Tuesday, December 30, 2014

#SnowWolf Family and Me, review: 'authentic and thrilling'

Gordon Buchanan is the heir apparent to David Attenborough - as long as he doesn’t end up on a polar bear’s plate

4 out of 5 stars
Snow Wolf Family and Me: BBC Two, 9.00pm
Snow Wolf Family and Me: Mon 29 Dec, BBC Two, 9.00pm Photo: Max Hug Williams
The wolf is still an outsider. From Red Riding Hood to Jack London, it has symbolised wilderness and raw, bloody survival. So if you want to try your hand at proper wildlife filming, up close and wolf-breath personal, it has to be Canis lupus arctos. Snow Wolf Family and Me (BBC Two) was a new outing for heavily insured cameraman Gordon Buchanan, the third strand in a series that’s done black bears in Minnesota and hungry polar bears. The latter memorably showed Buchanan coming close to being a bear lunch.
Buchanan chose Ellesmere Island in Canada for its remoteness. You can’t even get a Domino’s Pizza delivery there and the local wolves have never met a human, although they obviously have a decent media agent and PR.

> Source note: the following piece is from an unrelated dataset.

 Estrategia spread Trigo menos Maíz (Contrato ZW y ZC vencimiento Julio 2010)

His method was hands-on, or possibly paws-on. Getting to know the wolf family and winning their trust, though, proved slow. Empathy was expressed in usual ways: wolves love licking cameras and apparently weeing on binoculars is a sign of friendliness. The beasts also demonstrated that they were worryingly clever, pulling at the insulated parts of the electric fence Buchanan had erected round his camp.

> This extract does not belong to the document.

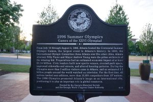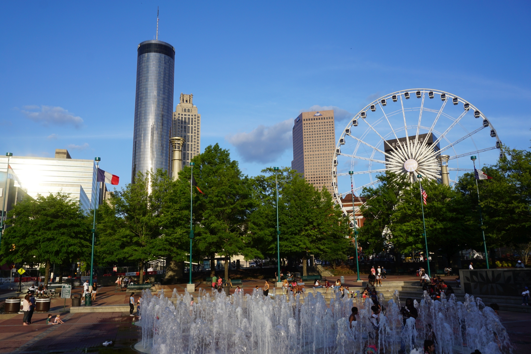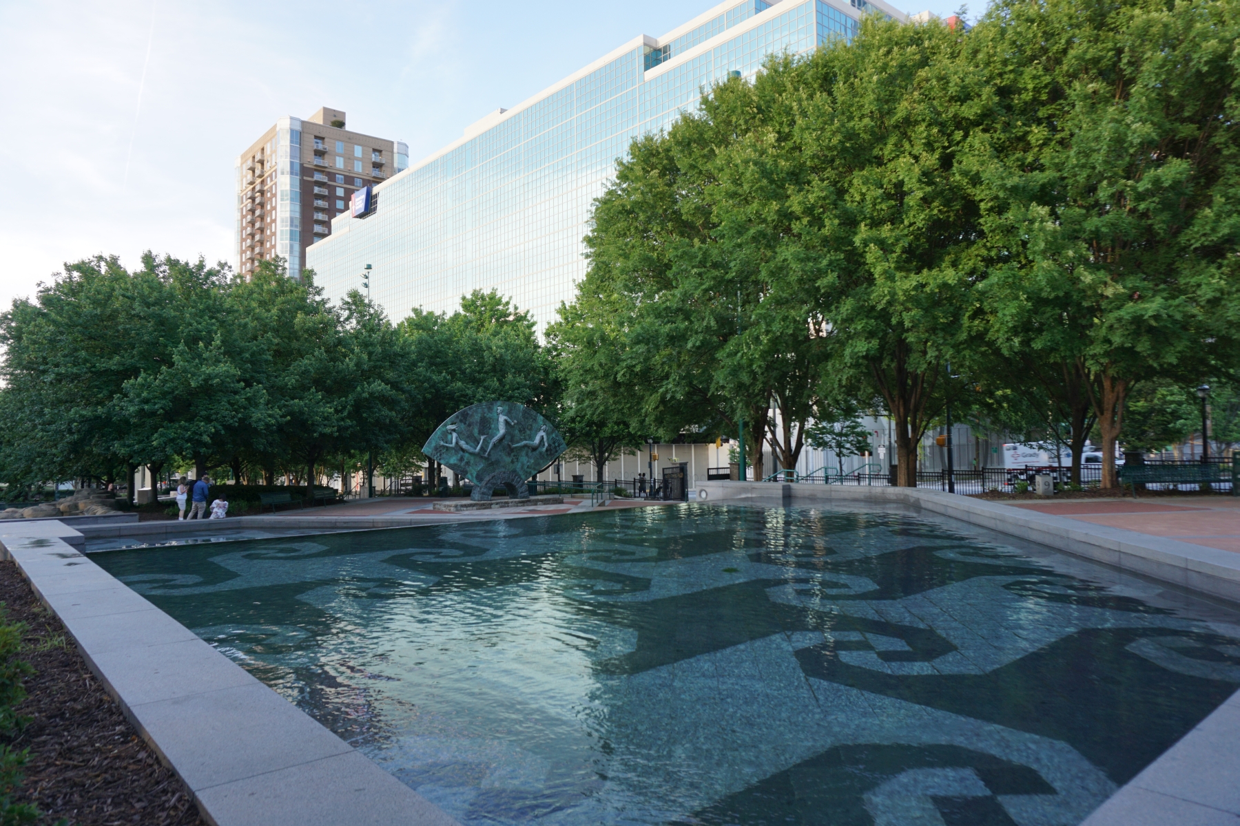 Nach diesem Ausflug in die Hollywood-Welt wandern wir durch den Centennial Olympic Park. Dort dreht sich alles um die Olympischen Sommerspiele 1996. Viele Plätze mit Wasserspielen, Statuen und die vertretenen Sportarten sind in Bodenplatten gegossen. Außerdem schauen wir uns schon mal das Coca-Cola Museum an, das wir morgen besuchen werden.

The cutest sequence showed three pups practising howling. Each would hesitatingly raise its snout skywards before essaying a mournful cry, a baby Wolf of Wail Street.
Wildlife shows constantly seek new thrills, greater authenticity and deeper understanding. Buchanan succeeded on all these fronts. This wasn’t reality TV play-acting. Wolves don’t misbehave for the camera, they just misbehave full-time. Buchanan was in unconfected danger, visibly unnerved by the presence of a fully grown killing machine circling him with its tummy rumbling.
The great curiosity of Buchanan, despite his abilities with wolf-talk and whining, is his normality. He doesn’t risk his life to exorcise some appalling demon. He doesn’t talk to the animals because he can’t talk to people. Of all the people cited as David Attenborough’s successor, he’s out front. Just as long as he doesn’t end up on a polar bear’s plate.